▶ **Input data**:
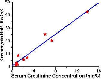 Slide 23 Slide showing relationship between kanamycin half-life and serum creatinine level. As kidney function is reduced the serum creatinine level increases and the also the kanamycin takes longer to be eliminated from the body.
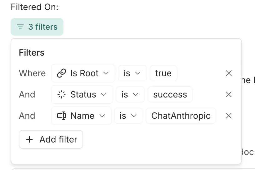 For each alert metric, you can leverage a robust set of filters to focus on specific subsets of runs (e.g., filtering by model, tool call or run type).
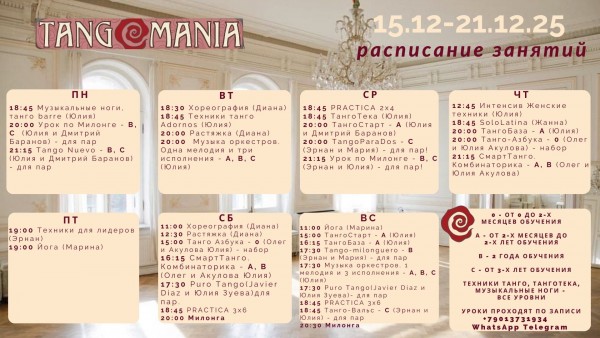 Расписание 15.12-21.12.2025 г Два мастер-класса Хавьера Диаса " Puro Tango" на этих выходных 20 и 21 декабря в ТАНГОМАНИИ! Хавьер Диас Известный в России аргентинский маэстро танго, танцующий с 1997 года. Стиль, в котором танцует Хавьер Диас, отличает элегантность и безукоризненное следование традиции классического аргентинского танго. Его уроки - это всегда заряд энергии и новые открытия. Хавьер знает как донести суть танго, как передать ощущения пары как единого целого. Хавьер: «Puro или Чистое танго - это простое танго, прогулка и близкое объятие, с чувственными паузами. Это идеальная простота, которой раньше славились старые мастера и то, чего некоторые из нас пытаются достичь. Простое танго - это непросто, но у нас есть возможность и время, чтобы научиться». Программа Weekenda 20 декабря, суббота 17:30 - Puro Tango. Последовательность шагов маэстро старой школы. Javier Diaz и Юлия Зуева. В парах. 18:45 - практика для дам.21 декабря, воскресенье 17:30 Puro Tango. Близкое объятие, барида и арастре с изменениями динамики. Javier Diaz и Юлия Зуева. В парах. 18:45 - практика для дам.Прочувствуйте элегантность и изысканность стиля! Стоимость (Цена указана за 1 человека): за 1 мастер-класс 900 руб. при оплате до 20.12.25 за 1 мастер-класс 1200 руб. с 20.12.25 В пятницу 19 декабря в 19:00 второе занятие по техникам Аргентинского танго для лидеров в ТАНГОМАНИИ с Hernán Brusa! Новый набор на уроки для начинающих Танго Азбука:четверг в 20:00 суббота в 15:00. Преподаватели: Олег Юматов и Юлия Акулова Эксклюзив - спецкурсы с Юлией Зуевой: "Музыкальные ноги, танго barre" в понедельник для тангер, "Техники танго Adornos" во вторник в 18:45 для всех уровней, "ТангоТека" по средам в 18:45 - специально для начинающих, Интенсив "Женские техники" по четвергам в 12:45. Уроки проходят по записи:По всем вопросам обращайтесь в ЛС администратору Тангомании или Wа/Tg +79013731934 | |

==

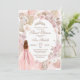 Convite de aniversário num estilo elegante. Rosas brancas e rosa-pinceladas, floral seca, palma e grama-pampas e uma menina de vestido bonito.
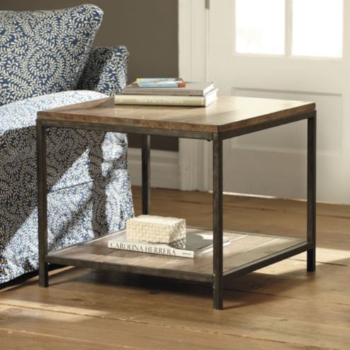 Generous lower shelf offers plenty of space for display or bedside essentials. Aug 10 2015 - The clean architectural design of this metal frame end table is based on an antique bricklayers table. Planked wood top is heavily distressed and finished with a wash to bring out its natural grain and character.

▶ **Exercise goal**:
Look back at the data above, then output exactly the lines from the line holding "Slide 23 Slide" up to and including the line holding "For each alert". Leave out the pictures.

▶ **Solution to this task**:
 Slide 23 Slide showing relationship between kanamycin half-life and serum creatinine level. As kidney function is reduced the serum creatinine level increases and the also the kanamycin takes longer to be eliminated from the body.
 For each alert metric, you can leverage a robust set of filters to focus on specific subsets of runs (e.g., filtering by model, tool call or run type).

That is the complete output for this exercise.